Summerstown is a district of south-west London located on the boundary between the London Borough of Wandsworth and the London Borough of Merton. It is an area on the north eastern edge of Wimbledon, south of Earlsfield, west of Tooting and north of Colliers Wood. The district is bisected by the A217 and bordered by the River Wandle.

==History==

Evidence of settlement in the area of Summerstown first appears in the late Middle Ages, when the River Wandle was bordered by mills in this area, worked by villagers from the nearby hamlet of Garratt (which gives its name to 'Garratt Lane', the local stretch of the A217). By 1631, ‘Dutchmen’ are recorded as manufacturing kettles and frying pans here, while other Huguenot refugees are thought to have engaged in silk weaving and wig making here.

By the mid-nineteenth century, this area was becoming increasingly populated, with many of the present day properties being built in the area at this time, notably the St Clement Danes almshouses in 1848–9, which have now become council housing.

The nineteenth century also saw the construction of Summerstown's parish church, with a chapel being built in 1836, and extended in 1861 and 1870. By 1903, it was apparent that a yet larger church was needed, so the present day St Mary's Church was constructed just off Garratt Lane, where it remains little altered to this day.
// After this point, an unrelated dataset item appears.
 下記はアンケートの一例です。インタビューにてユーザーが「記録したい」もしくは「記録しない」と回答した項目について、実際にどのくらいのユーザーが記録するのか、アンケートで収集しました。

The early twentieth century was a turbulent time for the parish, with the Great War costing the lives of 182 men in the parish, who were memorialised by Summerstown's war memorial, which is located just inside St Mary's Church. In the Second World War, Summerstown was also affected by bombing, particularly in 1944, when a V2 rocket struck Hazelhurst Road, killing 35 and injuring over a hundred. After the war, this presented the council with the opportunity to construct the Hazelhurst estate in 1969–73.

Between 1961 and 1968, Marc Bolan (then known as Marc Feld) and family lived in Summerstown. He attended Hillcroft School (now Ernest Bevin Academy) and worked part time as a dish washer at the local Wimpy burger bar in Tooting. His time in Summerstown was difficult but formative, with Feld often busking outside the former Prince of Wales pub (now Tesco Express). In 2021, plans to erect a commemorative plaque to mark Bolan's time in the area were announced.

==Present Day==
The parish church, St Mary's Church, is still open and active in the parish, hosting a service at 10:30 each Sunday morning, and holds a range of services include singing, prayers and a talks from the Bible as well as activities for children.
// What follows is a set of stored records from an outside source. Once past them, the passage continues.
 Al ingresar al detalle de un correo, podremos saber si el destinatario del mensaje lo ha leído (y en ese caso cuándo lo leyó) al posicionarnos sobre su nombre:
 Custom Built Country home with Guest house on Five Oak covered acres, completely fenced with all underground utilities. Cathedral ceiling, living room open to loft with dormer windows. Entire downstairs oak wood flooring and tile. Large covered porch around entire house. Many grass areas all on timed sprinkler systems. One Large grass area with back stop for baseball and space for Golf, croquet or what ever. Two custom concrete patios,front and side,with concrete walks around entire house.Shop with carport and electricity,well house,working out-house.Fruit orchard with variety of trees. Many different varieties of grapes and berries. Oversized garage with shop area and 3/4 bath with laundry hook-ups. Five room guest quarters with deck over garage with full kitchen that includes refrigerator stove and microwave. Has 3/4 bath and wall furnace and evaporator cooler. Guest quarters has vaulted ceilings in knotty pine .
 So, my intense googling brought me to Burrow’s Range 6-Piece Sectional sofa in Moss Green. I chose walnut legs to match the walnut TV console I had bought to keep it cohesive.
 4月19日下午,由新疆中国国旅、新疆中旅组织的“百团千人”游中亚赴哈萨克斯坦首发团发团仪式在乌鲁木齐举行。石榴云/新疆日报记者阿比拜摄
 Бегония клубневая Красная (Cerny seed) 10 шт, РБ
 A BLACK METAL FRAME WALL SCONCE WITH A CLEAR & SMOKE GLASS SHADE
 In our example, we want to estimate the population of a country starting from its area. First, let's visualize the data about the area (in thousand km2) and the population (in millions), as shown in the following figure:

Community project Summerstown 182 identifies and raises awareness of local Summerstown history. Founded by Geoff Simmons, the project has been responsible for erecting plaques in honour of many former residents, including Sidney Lewis, Sadie Crawford and Peter Barr. Summerstown 182 was named one of Sadiq Khan's Community Heroes in 2015.
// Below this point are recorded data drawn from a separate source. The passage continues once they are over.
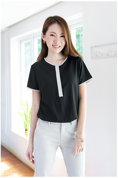 ขอแนะนำเสื้อแนวมินิมอล สวยในแบบเรียบง่าย คอกลม ผ่าหน้าสั้นติดกระดุม แต่งสาบปิดดูเรียบร้อย จบงานด้วยการกุ๊นรอบคอและปลายแขนเสื้อ ใส่ไปทำงานแบบสวยคลีน แต่ดูแพง ใส่ได้นานแน่นอน แพทเทิร์นทรงช่วงตัวไม่กว้างดูพอดีๆตัวค่ะ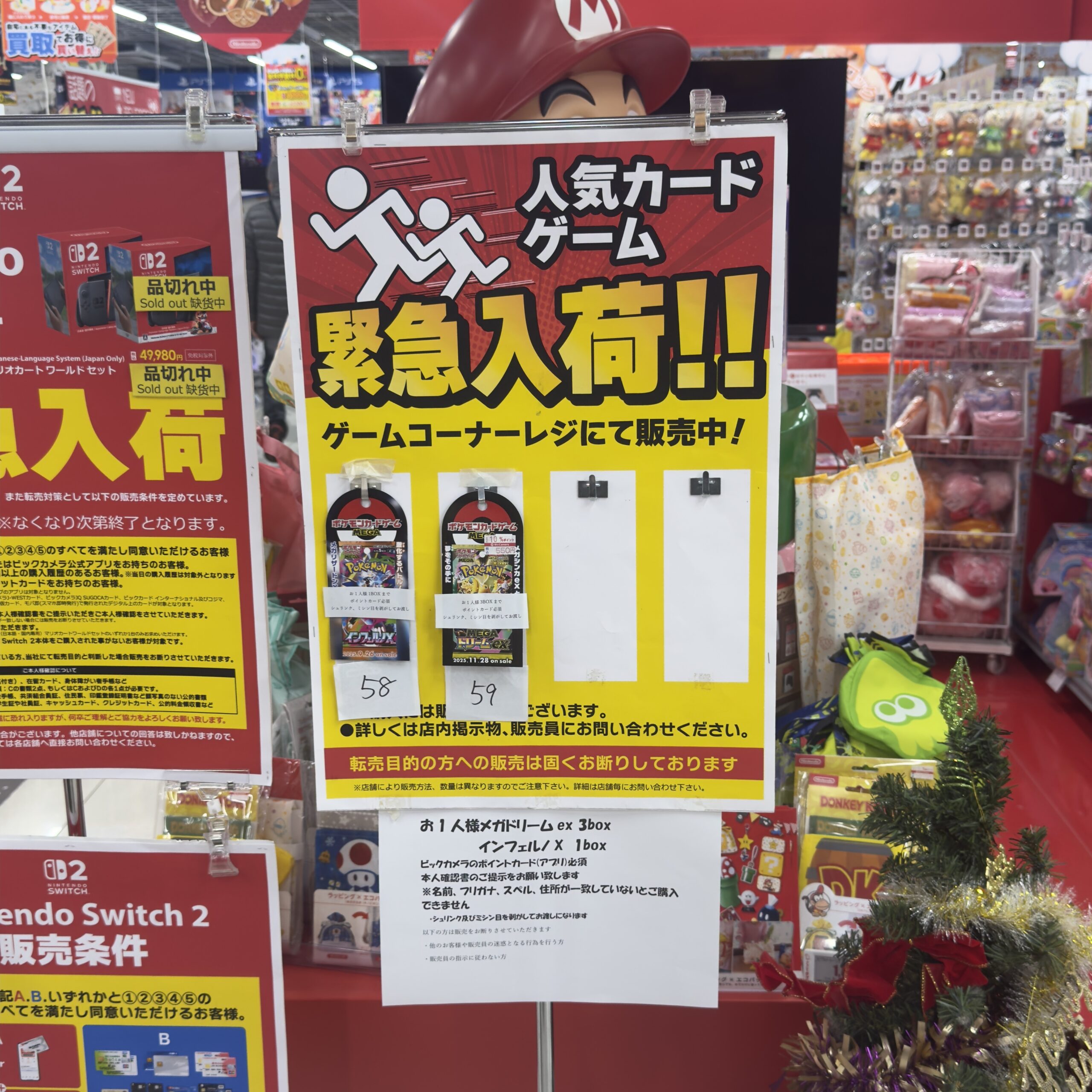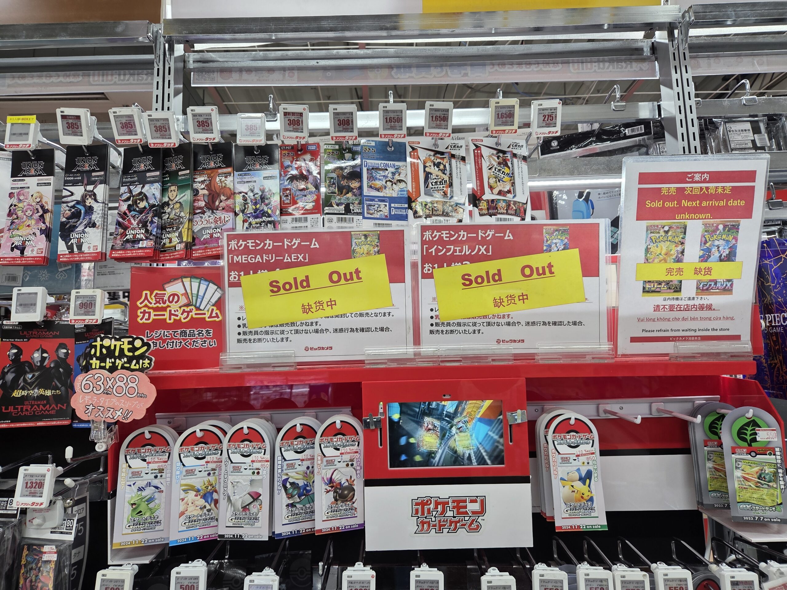 ビックカメラやコジマ店舗でも、毎週の様にポケモンカード、ワンピースカード、遊戯王カードの店頭販売が行われています。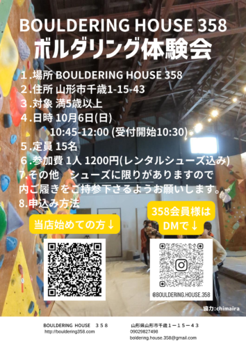山形の話題【やまぐらピックアップ】人気高まるボルダリング!体験会を開催します 「やまぐらパートナー」からのおすすめ情報を紹介する「やまぐらピックアップ」! BOULDERING HOUSE 358さんからのお知らせです! ぜ

It is home to the By The Horns Brewing Co., which stands almost exactly on the site of Marc Bolan's former home. The brewers named an ale, Cosmic Warrior, after the late singer.

The area was also home to Wimbledon Stadium, a dog racing track that also hosted speedway, stock car and other racing events, which closed in 2017. The New Plough Lane Stadium, home of AFC Wimbledon, was built in its place and opened in November 2020.